SCF-induced ERM proteins phosphorylation is dependent on PI3K activation in human melanocytes

As a next step to determine the involvement of PI3K in SCF-induced ERM proteins phosphorylation, we used an inhibitor of PI3K, LY294002. The inhibitor (30 nM) was added to the medium for 30 min and the ERM proteins phosphorylation was examined after 5 or 30 min of SCF treatment.
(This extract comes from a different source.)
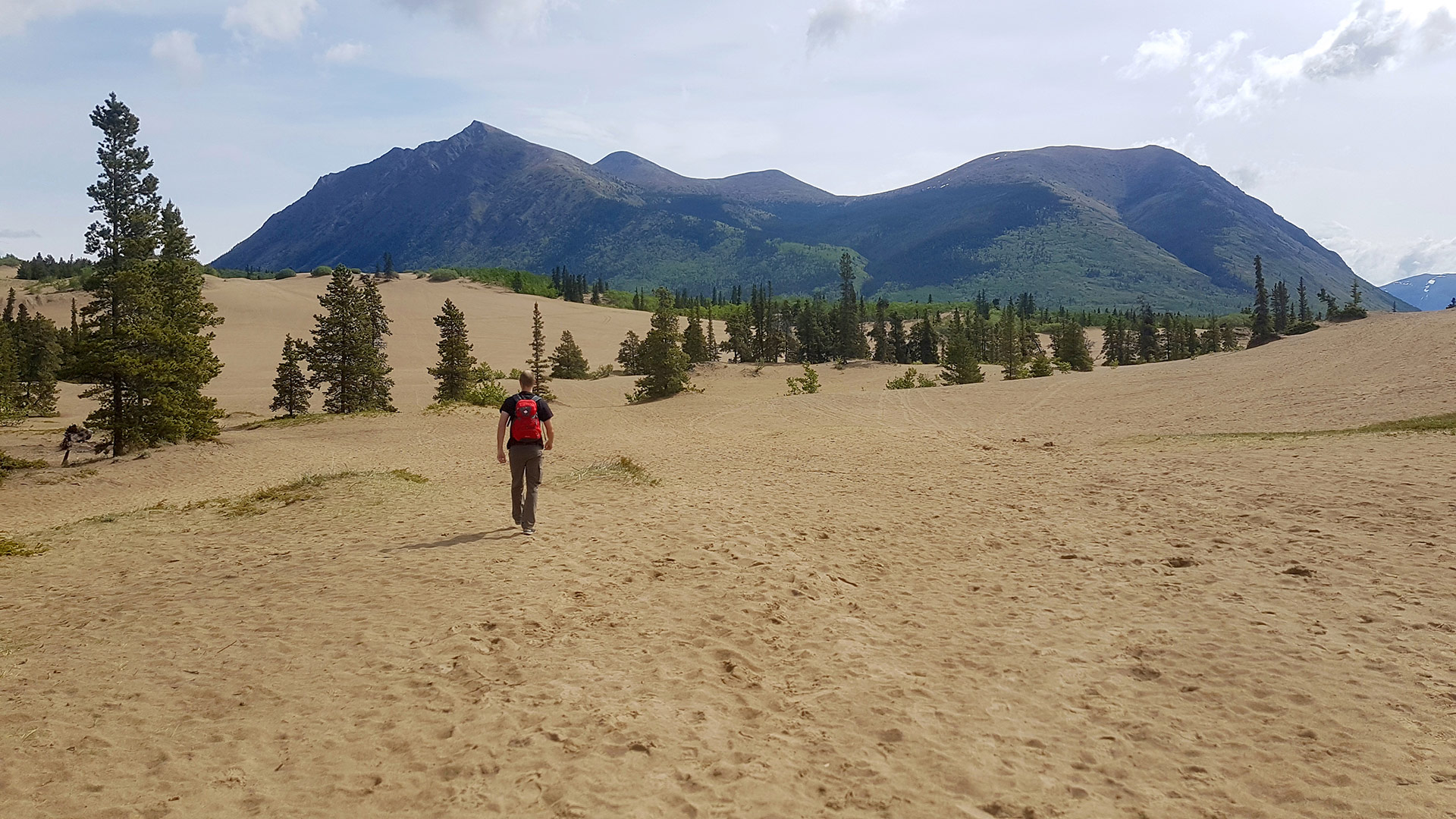 Am nächsten Morgen geht’s wieder früh ins Auto. Auf dem Klondike Highway fahren wir über Whitehorse nach Carcross. Auch diese Strecke ist ein echter Scenic Drive. Auf dem Weg sehe ich am Straßenrand einen Schwarzbären mit zwei Jungen im Wald verschwinden. Wow! Zwischenstopp am türkisfarbenen Emerald Lake, einem der berühmtesten Postkartenmotive im Yukon. Dann weiter zur Carcross Desert, der kleinsten Wüste der Welt. Der Gletscher-Sand wird vom Ufer des Lake Bennett durch den Wind hierher getragen. Das trockene Klima der Region tut sein übriges. Ich wandere etwas herum. Schon irre, im Norden Kanadas plötzlich nur noch von Sand umgeben zu sein. Wir erreichen Carcross, ein kleines Örtchen mit authentischer Goldgräber-Atmosphäre. Ich schlendere über die schöne Holz-Promenade mit kleinen Läden, die lokale Produkte und Kunst der First Nations anbieten. Im Matthew Watson General Store, dem ältesten aktiven Laden im Yukon, kaufe ich mir ein riesiges Eis, das ich am großen Sandstrand des Lake Bennett genieße. So lässt sich's leben.

In the presence of LY294002, SCF-induced ERM proteins and Akt phosphorylation were completely suppressed in melanocytes (Figure 2A, B). Moreover, the phosphorylation of Akt was maximally increased at 5 min and remained high for 30 min following SCF treatment, which preceded moesin phosphorylation. Thus, these results indicate that PI3K/Akt activation is required for SCF-induced ERM proteins phosphorylation in melanocytes.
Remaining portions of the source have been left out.